Could you copy the records below exactly, keeping none of the images?

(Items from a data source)
Content starts

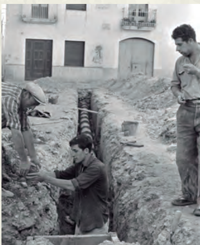
Obres del clavegueram a la plaça de la Vila (AAP).

Però després, un home d'esperit pagès com ell, es planyia de la minva de l'agricultura en detriment del sector del totxo: "A voltes el cap ens roda, ens apar veure un daltabaix quan recordem nostre terme, encatit de camps daurats i vinyes verdes abandonades, aquells prats convertits en llastimosos erms, grisos, sense vida, on s'hi encomana la tristor del ventre eixorc, sense esperances de nova vida. Vol de corbs, com nuvolats de gropada, giravolen per l'espai. Mercaders, cuita corrent, esmicolen el terme, l'adineren i el venen a bocins. Els
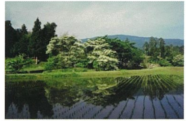
市指定天然記念物 今洞群生地
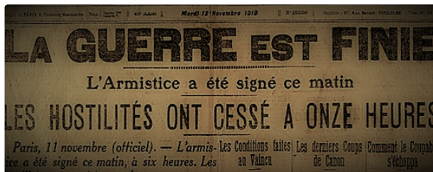
Il y a cent ans... 1918 : bilan de la dernière année de guerre

À l'occasion du centenaire de la Première guerre mondiale, la Société archéologique du Gers et les écrivains publics du Gers se sont associés pour vous faire découvrir la chronologie des événements marquants de la Grande Guerre, tels qu'ils ont été vécus par les Gersois, au travers des grandes batailles qui l'ont émaillée. Chacun d'eux sera l'occasion d'un article qui en reprendra les grandes lignes et s'appuiera sur des portraits d'hommes, soldats gersois, morts ou disparus. L'idée de cette série est de leur rendre hommage pour, qu'à travers eux, le sacrifice de tous ceux de 14 ne soit pas emporté par l'oubli, même cent ans après.
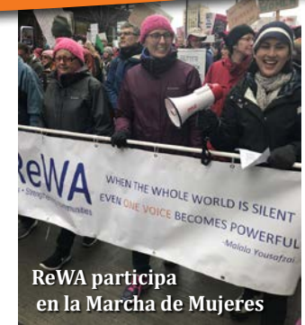
ReWA participa en la Marcha de Mujeres

Para patrocinar o participar en nuestros eventos, envía un correo electrónico a development@rewa.org .
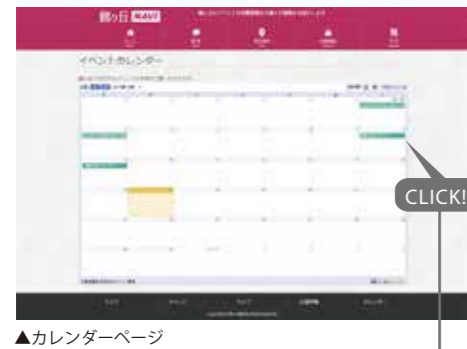
▲カレンダーページ

カレンダーページにはGoogleカレンダーを埋め込み、近々開催されるイベントをご確認いただけます。カレンダー上のイベント名をクリックすると吹き出しで、イベント情報が表示されます。
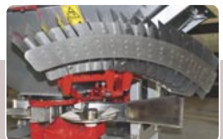
23 Bordeador BLX Border spreading system BLX
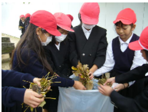
↑協力してたくさんの落ち葉を集めました
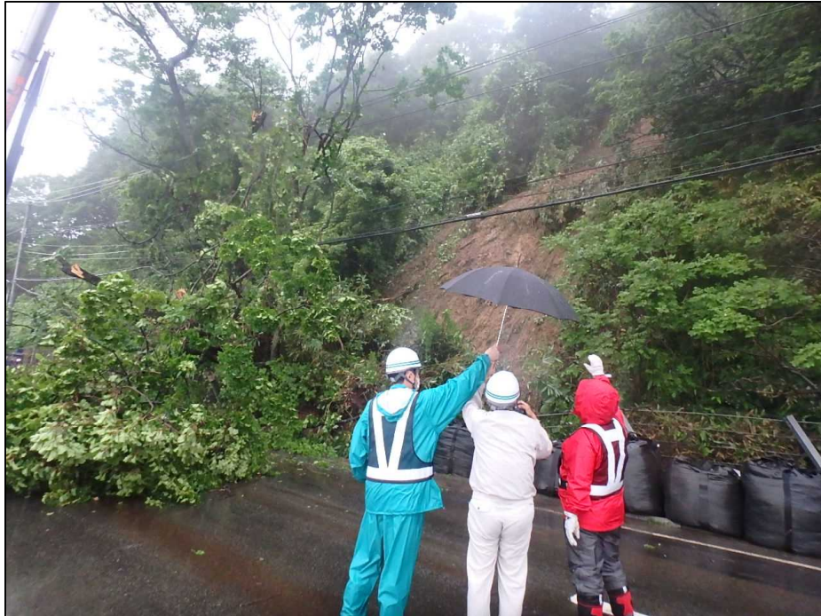
専門家による現地調査
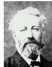
Jules Verne auteur de « 20 000 lieues sous les mers »
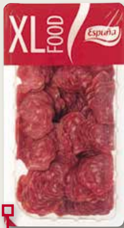
Llonganissa tradició ESPUÑA 340 Gr
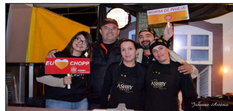
Lá Em Casa: A proposta desse ano foi apostar na novidade e também na tradição. Com isso, surgiu o delicioso prato Empanadas Argentinas, com recheio de Costela e Mandioca servida com conserva especial da casa.
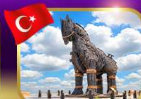
ม้าไม้เมืองทรอย ซานิคคาล
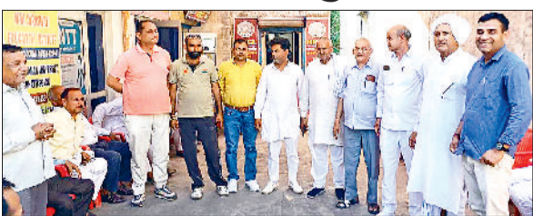
पुंडरी में आयोजित हल्का ब्राह्मण सभा की बैठक में मौजूद पदाधिकारी।
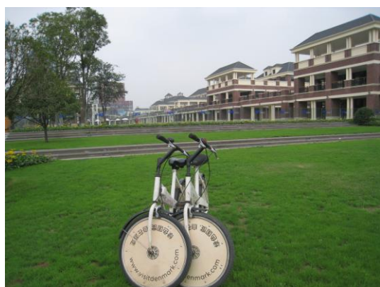
圖 7. 參觀北歐國際管理學院校園
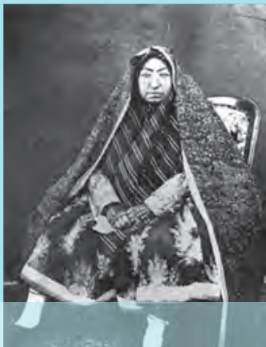
مهدعلیا (۱۲۲۰-۱۲۹۰ق)، مادر ناصرالدین شاه، از زنان بانفوذ دربار قاجار
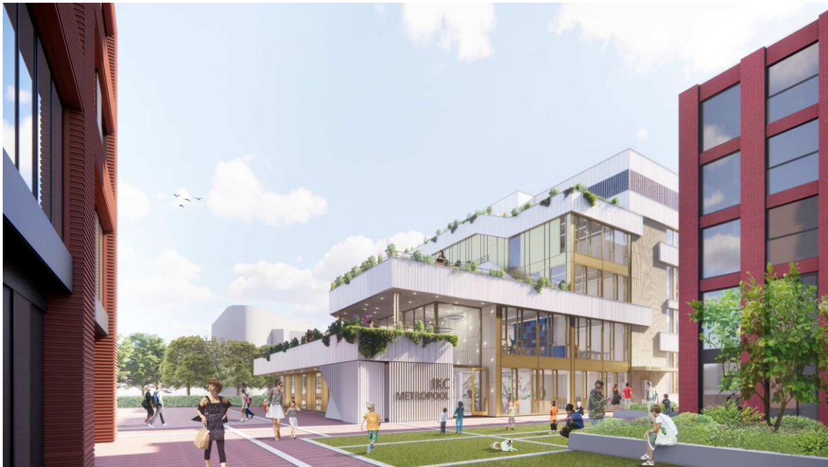
Figuur 2: Impressie IKC vanaf buurtplein (aan bovenstaande afbeelding kunnen geen rechten worden ontleend).
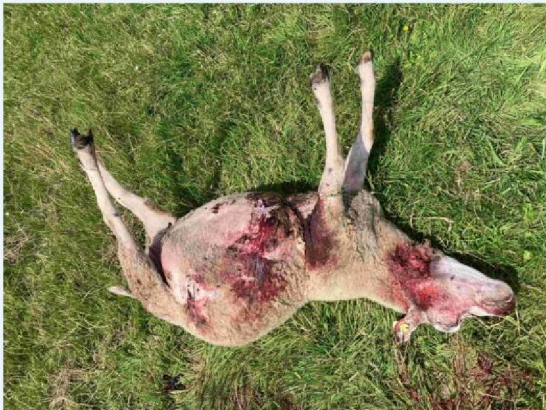
schaap 2 verwondingen.JPG
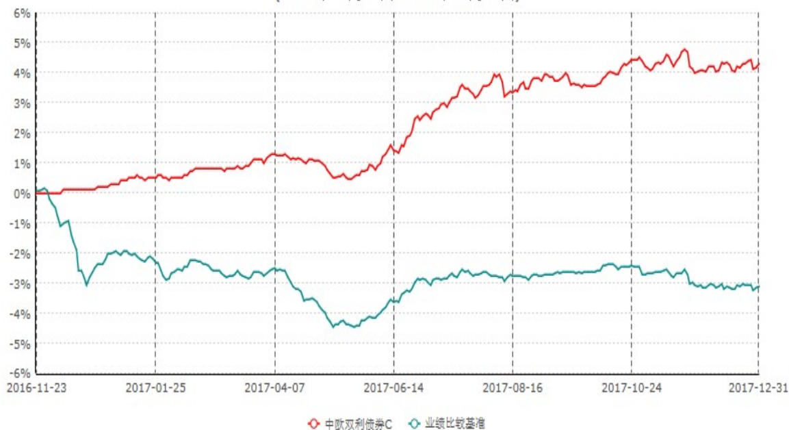
中欧双利债券C累计净值增长率与业绩比较基准收益率历史走势对比图 (2016年11月23日-2017年12月31日)

注：本基金基金合同生效日期为2016年11月23日，按基金合同的规定，本基金自基金合同生效起六个月为建仓期，建仓期结束时本基金的各项资产配置比例已达到基金合同的规定。
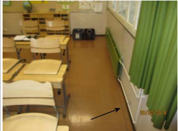
12. OPETUSTILA 043, betonilattia on liikkunut alaspäin ulkoseinän vieressä, seinän suuntainen laattasauma on auki.
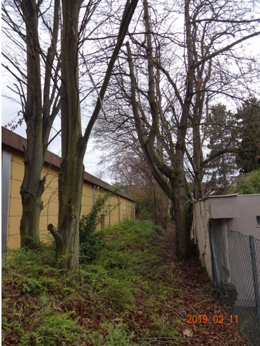
Abbildung 2: Baumbestand nördlich der Tennishalle (Blick von Osten)

dung 3). Im Westen befindet sich ein stark bewegtes Gelände. Der Geltungsbereich erweist sich als stark anthropogen überprägt. An der geringen Arten- und Strukturvielfalt lässt sich ablesen, dass die genetische und ökosystemare Vielfalt eine untergeordnete Rolle spielt.
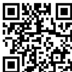
校長報名 QR code
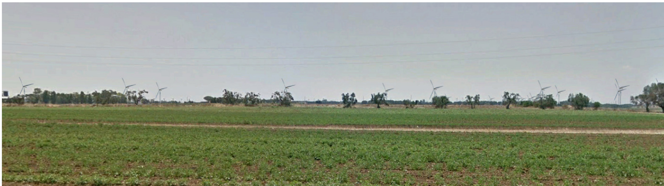
PUNTO FOTOGRAFICO 04 CUMULATIVO CENTRO ABITATO BRINDISI POST OPERA
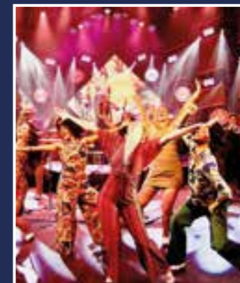
Latin Devils

Die „Latin Devils“ nehmen ihre Zuschauer:innen am 23. März um 20 Uhr mit auf eine Zeitreise von den 1920er-Jahren bis hin zur Gegenwart. „The Story of New York’s Spanish Harlem“ bietet mit Musik, Tanz und einer Multivision mit Bildern aus den verschiedenen Epochen eine Show der Extraklasse. Ein mit allen Grooves gewaschenes Sextett, drei Sänger:innen und zwölf preisgekrönte Tänzer:innen machen diese „hot show of Latin music, song & dance“ zu einem Er-
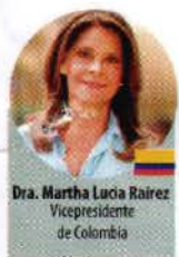
Dra. Martha Lucia Rairez Vicepresidente de Colombia

PROFESIONALES QUE SE DESEMPEÑAN EN EL CAMPO LABORAL COMO FUNCIONARIOS, EMPRESARIOS O EMPRENDEDORES. IGUALMENTE, ESTUDIANTES DE SEGURIDAD, ADMINISTRACIÓN O AFINES."
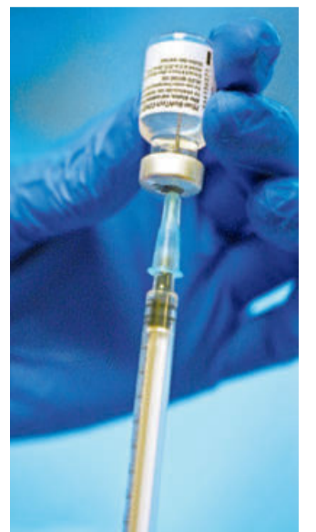
Das Impfen geht weiter voran. Die Jahrgänge 44 und 45 können sich anmelden.

Am Dienstag, 13. April, wurden im Bielefelder Impfzentrum 1634 Menschen geimpft. 782 bekamen den Wirkstoff Biontech zum ersten und 295 Menschen zum zweiten Mal. Erstimpfungen mit Astrazeneca gab es 557 und keine Zweitimpfung.
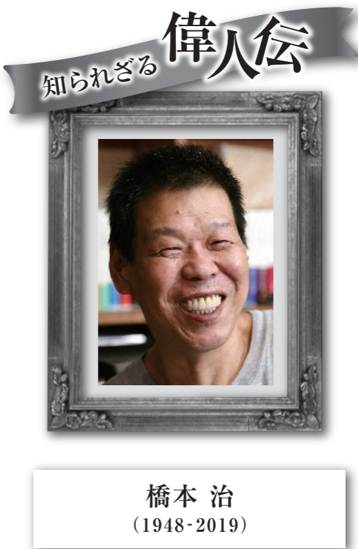
橋本 治 (1948-2019)

たぶん日本で初めて、「自分はゲイだ」ってはっきり言った作家。今回は一九七九年に出版された『花咲く乙女たちのキンピラゴボウ』というフザケたタイトルの少女漫画論をご紹介します！
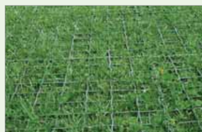
Easy park após 10 dias
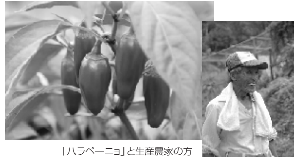
「ハラペーニョ」と生産農家の方

また、補完的に地域の情報発信として「ふるさと通信」や都会の方がふるさとに訪問する「ただいま交流会」、マスコミリリースなど啓蒙活動も積極的に取り組んで維持拡大に努めております( http://www.shinofarm.jp/furusato.htm )。この取り組みは大阪商工会議所・大阪NPOセンター主催のCB(コミュニティビジネス)・CSO(市民社会組織)おおさかアワード2009で栄誉ある大賞を受賞し、審査委員長より、新しいソーシャルビジネスで実現性の高いビジネスモデルとして高い評価を頂きました( http://www.osakanpo-center.com/cso/oubo.html )。

Content ends

» **Output for this exercise**
Obres del clavegueram a la plaça de la Vila (AAP).

Però després, un home d'esperit pagès com ell, es planyia de la minva de l'agricultura en detriment del sector del totxo: "A voltes el cap ens roda, ens apar veure un daltabaix quan recordem nostre terme, encatit de camps daurats i vinyes verdes abandonades, aquells prats convertits en llastimosos erms, grisos, sense vida, on s'hi encomana la tristor del ventre eixorc, sense esperances de nova vida. Vol de corbs, com nuvolats de gropada, giravolen per l'espai. Mercaders, cuita corrent, esmicolen el terme, l'adineren i el venen a bocins. Els
市指定天然記念物 今洞群生地
Il y a cent ans... 1918 : bilan de la dernière année de guerre

À l'occasion du centenaire de la Première guerre mondiale, la Société archéologique du Gers et les écrivains publics du Gers se sont associés pour vous faire découvrir la chronologie des événements marquants de la Grande Guerre, tels qu'ils ont été vécus par les Gersois, au travers des grandes batailles qui l'ont émaillée. Chacun d'eux sera l'occasion d'un article qui en reprendra les grandes lignes et s'appuiera sur des portraits d'hommes, soldats gersois, morts ou disparus. L'idée de cette série est de leur rendre hommage pour, qu'à travers eux, le sacrifice de tous ceux de 14 ne soit pas emporté par l'oubli, même cent ans après.
ReWA participa en la Marcha de Mujeres

Para patrocinar o participar en nuestros eventos, envía un correo electrónico a development@rewa.org .
▲カレンダーページ

カレンダーページにはGoogleカレンダーを埋め込み、近々開催されるイベントをご確認いただけます。カレンダー上のイベント名をクリックすると吹き出しで、イベント情報が表示されます。
23 Bordeador BLX Border spreading system BLX
↑協力してたくさんの落ち葉を集めました
専門家による現地調査
Jules Verne auteur de « 20 000 lieues sous les mers »
Llonganissa tradició ESPUÑA 340 Gr
Lá Em Casa: A proposta desse ano foi apostar na novidade e também na tradição. Com isso, surgiu o delicioso prato Empanadas Argentinas, com recheio de Costela e Mandioca servida com conserva especial da casa.
ม้าไม้เมืองทรอย ซานิคคาล
पुंडरी में आयोजित हल्का ब्राह्मण सभा की बैठक में मौजूद पदाधिकारी।
圖 7. 參觀北歐國際管理學院校園
مهدعلیا (۱۲۲۰-۱۲۹۰ق)، مادر ناصرالدین شاه، از زنان بانفوذ دربار قاجار
Figuur 2: Impressie IKC vanaf buurtplein (aan bovenstaande afbeelding kunnen geen rechten worden ontleend).
schaap 2 verwondingen.JPG
中欧双利债券C累计净值增长率与业绩比较基准收益率历史走势对比图 (2016年11月23日-2017年12月31日)

注：本基金基金合同生效日期为2016年11月23日，按基金合同的规定，本基金自基金合同生效起六个月为建仓期，建仓期结束时本基金的各项资产配置比例已达到基金合同的规定。
12. OPETUSTILA 043, betonilattia on liikkunut alaspäin ulkoseinän vieressä, seinän suuntainen laattasauma on auki.
Abbildung 2: Baumbestand nördlich der Tennishalle (Blick von Osten)

dung 3). Im Westen befindet sich ein stark bewegtes Gelände. Der Geltungsbereich erweist sich als stark anthropogen überprägt. An der geringen Arten- und Strukturvielfalt lässt sich ablesen, dass die genetische und ökosystemare Vielfalt eine untergeordnete Rolle spielt.
校長報名 QR code
PUNTO FOTOGRAFICO 04 CUMULATIVO CENTRO ABITATO BRINDISI POST OPERA
Latin Devils

Die „Latin Devils“ nehmen ihre Zuschauer:innen am 23. März um 20 Uhr mit auf eine Zeitreise von den 1920er-Jahren bis hin zur Gegenwart. „The Story of New York’s Spanish Harlem“ bietet mit Musik, Tanz und einer Multivision mit Bildern aus den verschiedenen Epochen eine Show der Extraklasse. Ein mit allen Grooves gewaschenes Sextett, drei Sänger:innen und zwölf preisgekrönte Tänzer:innen machen diese „hot show of Latin music, song & dance“ zu einem Er-
Dra. Martha Lucia Rairez Vicepresidente de Colombia

PROFESIONALES QUE SE DESEMPEÑAN EN EL CAMPO LABORAL COMO FUNCIONARIOS, EMPRESARIOS O EMPRENDEDORES. IGUALMENTE, ESTUDIANTES DE SEGURIDAD, ADMINISTRACIÓN O AFINES."
Das Impfen geht weiter voran. Die Jahrgänge 44 und 45 können sich anmelden.

Am Dienstag, 13. April, wurden im Bielefelder Impfzentrum 1634 Menschen geimpft. 782 bekamen den Wirkstoff Biontech zum ersten und 295 Menschen zum zweiten Mal. Erstimpfungen mit Astrazeneca gab es 557 und keine Zweitimpfung.
橋本 治 (1948-2019)

たぶん日本で初めて、「自分はゲイだ」ってはっきり言った作家。今回は一九七九年に出版された『花咲く乙女たちのキンピラゴボウ』というフザケたタイトルの少女漫画論をご紹介します！
Easy park após 10 dias
「ハラペーニョ」と生産農家の方

また、補完的に地域の情報発信として「ふるさと通信」や都会の方がふるさとに訪問する「ただいま交流会」、マスコミリリースなど啓蒙活動も積極的に取り組んで維持拡大に努めております( http://www.shinofarm.jp/furusato.htm )。この取り組みは大阪商工会議所・大阪NPOセンター主催のCB(コミュニティビジネス)・CSO(市民社会組織)おおさかアワード2009で栄誉ある大賞を受賞し、審査委員長より、新しいソーシャルビジネスで実現性の高いビジネスモデルとして高い評価を頂きました( http://www.osakanpo-center.com/cso/oubo.html )。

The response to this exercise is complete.